Best Practices For Using A Skid Steer Drill Attachment

Having a drill attachment on a skid steer is an easy way to be able to drill holes both vertically as well as horizontally through a wide range of different materials including earth, rock, gravel or even through clay and mixed materials.

While using a skid steer drill attachment is not a complicated job, there are some bad habits or poor practices that operators can get into. Some of these occur due to poor quality drilling equipment where the operator is trying to get more out of the drill than possible.

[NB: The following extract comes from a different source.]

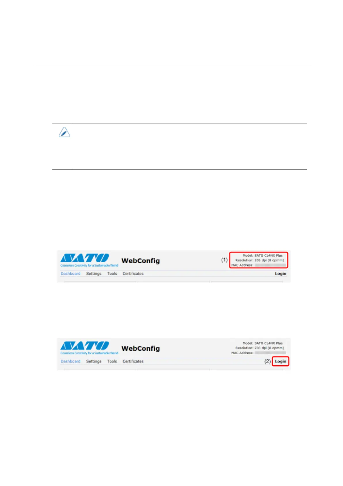 The web configuration page for the product appears. On the upper right (1) of each page, the

Other bad habits may just be a result of not understanding the possible or potential damage to the equipment through the practice.

Using the Right Method

Using the skid steer drill attachment in soft soil or material is a simple process with limitations to the drilling speed based on how fast the system can remove the material from the hole.

However, for larger diameter holes, particularly in very rocky or mixed types of soils or materials, it will be important to slow down the drilling process. By pushing the drill less, the hole will be more precise, and there is less risk of damage to equipment including the drill as well as the hydraulic system.

By using the skid steer drill attachment correctly and not forcing the drilling action, there is limited need to go through the process of drilling a pilot hole and then using a larger drill. This saves both times as well as fuel costs without risking the equipment.

Checking the System

A very good practice to get into is checking over the skid steer drill attachment before each use. This is a good time to look for any leaks in hydraulic hoses or connectors and to have the issue repaired before putting the system under pressure.

This simple, short check will help to turn a small problem into a major issue if a hose completely splits or a connector fails, and the hydraulic fluid is lost while the drill is in use.